Unoccupied seats on flights cause airlines to lose revenue. Suppose a large airline wants to estimate its mean number of unoccupied seats per flight over the past year. To accomplish this, the records of 225 flights are randomly selected and the number of unoccupied seats is noted for each of the sampled flights. The sample mean is 11.6 seats and the sample standard deviation is 4.1 seats. a. i. \(\overline{x}=\) _____ ii. \(s_{x}=\) _____ iii. \(n=\) _____ iv. \(n-1=\) _____ b. Define the random variables \(X\) and \(\overline{X}\) in words. c. Which distribution should you use for this problem? Explain your choice. d. Construct a 92\(\%\) confidence interval for the population mean number of unoccupied seats per flight. i. State the confidence interval. ii. Sketch the graph. iii. Calculate the error bound.

Short Answer

Expert verified
i. 11.6; ii. 4.1; iii. 225; iv. 224; b. Define \(X\) and \(\overline{X}\) as the number and mean number of unoccupied seats, respectively; c. Use normal distribution due to large sample size; d.

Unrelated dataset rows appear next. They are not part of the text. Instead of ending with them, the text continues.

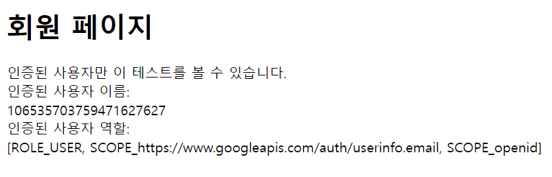 - 받아오는 값 userRequest 에 들어 있는 속성 값은 구글 프로젝트 생성시 설정한 'API 설정 범위' 와 연관이 있다.
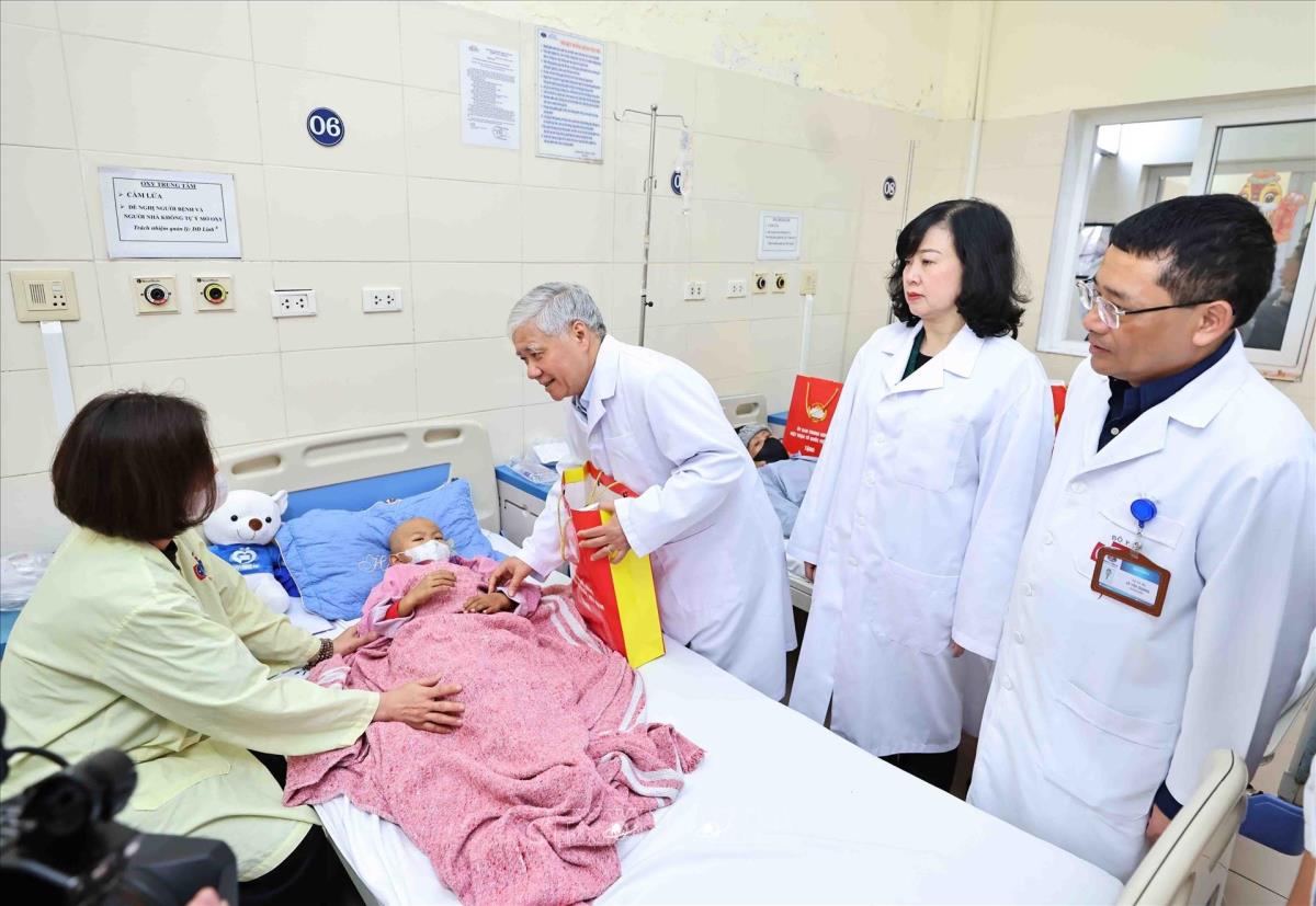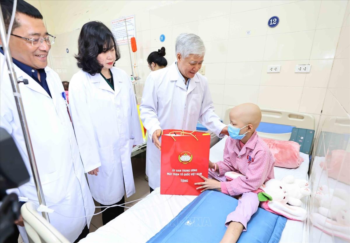 Chủ tịch UBTW MTTQ Việt Nam Đỗ Văn Chiến và Bộ trưởng Bộ Y tế Đào Hồng Lan trao quà, động viên bệnh nhi điều trị tại Bệnh viện K (25/1/2025). Ảnh: Minh Đức – TTXVN
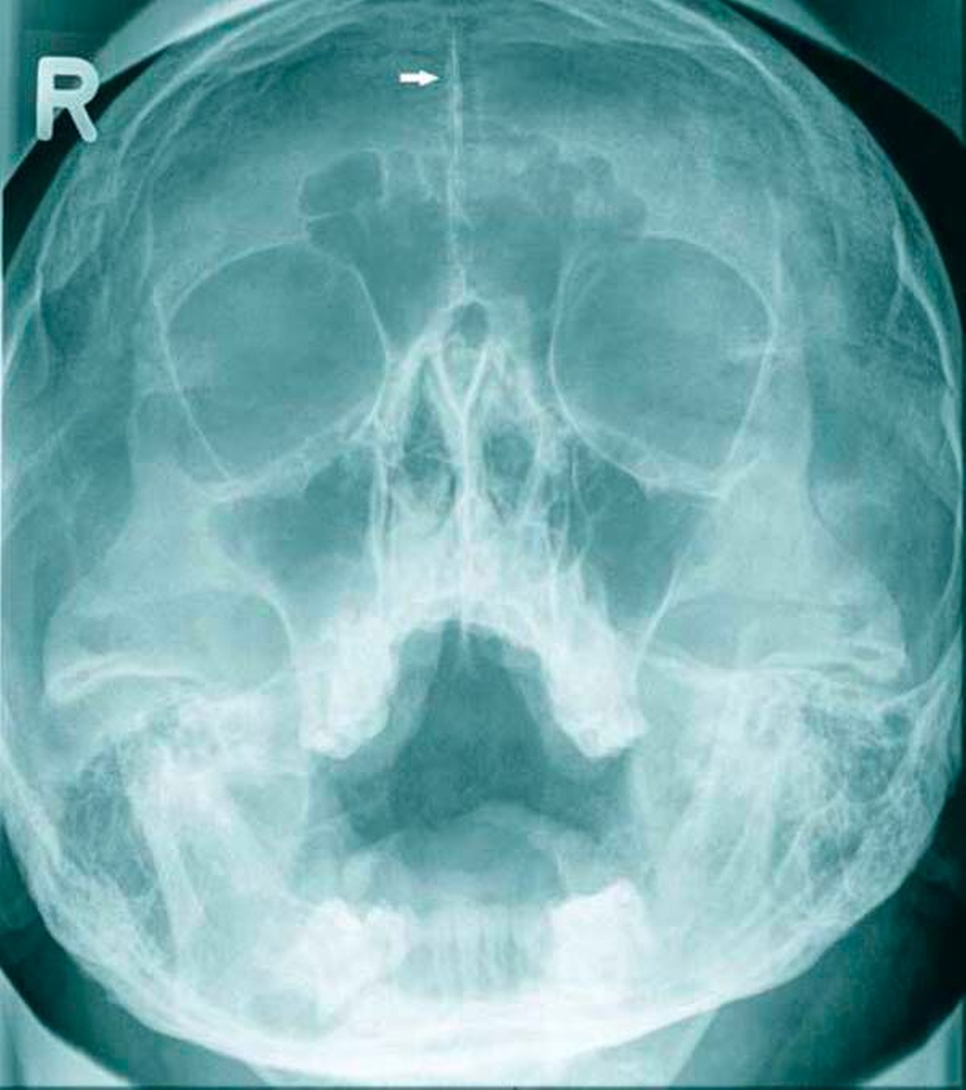 Zur weiteren Beurteilung der Ausdehnung des Befunds wurde eine Nasennebenhöhlenaufnahme veranlasst (Abbildung 2). Darin zeigte sich eine deutlich sichtbare Verkalkung der Falx cerebri, was den klinischen Verdacht eines Gorlin-Goltz-Syndroms nach den Evans-Kriterien (Tabelle 1) [Evans et al.] bestätigte. Ein weiteres auffälliges Merkmal: ein vergrößerter Augenabstand (Hypertelorismus). Weitere, angeborene Fehlbildungen lagen nicht vor, die Familienanamnese war negativ.

CI is [11.12, 12.08], error bound is 0.48.

Step by step solution

01

Identify Given Variables

We are given the sample mean, sample standard deviation, and sample size. These are: \(\overline{x} = 11.6\), \(s_{x} = 4.1\), and \(n = 225\).
02

Perform Calculations for Part a

Given that \(\overline{x} = 11.6\), \(s_{x} = 4.1\), \(n = 225\), calculate \(n-1\): \[n-1 = 225 - 1 = 224 \]
03

Define Random Variables

The random variable \(X\) represents the number of unoccupied seats on a single flight. The random variable \(\overline{X}\) represents the mean number of unoccupied seats over all sampled flights.
04

Choose the Distribution

Given that the sample size is large (225 flights) and the Central Limit Theorem applies, the sample mean \(\overline{X}\) follows a normal distribution, making the normal (Z) distribution appropriate for constructing the confidence interval.
05

Construct the Confidence Interval

For a 92% confidence interval, the Z-score corresponding to a 92% confidence level is approximately \(Z_{0.04} \approx 1.75\). Calculate the confidence interval using the formula:\[\overline{x} \pm Z \cdot \frac{s_{x}}{\sqrt{n}}\]Substitute the known values:\[11.6 \pm 1.75 \cdot \frac{4.1}{\sqrt{225}}\]\[11.6 \pm 1.75 \cdot \frac{4.1}{15}\]\[11.6 \pm 1.75 \cdot 0.2733\]\[11.6 \pm 0.4783\]Thus, the confidence interval is \([11.1217, 12.0783]\).
06

Error Bound Calculation

The error bound (margin of error) is calculated using the formula:\[Z \cdot \frac{s_{x}}{\sqrt{n}}\]Substitute the known values:\[1.75 \cdot \frac{4.1}{15}\]\[1.75 \cdot 0.2733 = 0.4783\]So, the error bound is \(0.4783\).
07

Graph the Confidence Interval

To graph the confidence interval, plot a normal distribution curve with the sample mean \(11.6\) at the center. Mark the interval \([11.1217, 12.0783]\) on the horizontal axis to indicate the range of values, representing the estimated interval for the population mean.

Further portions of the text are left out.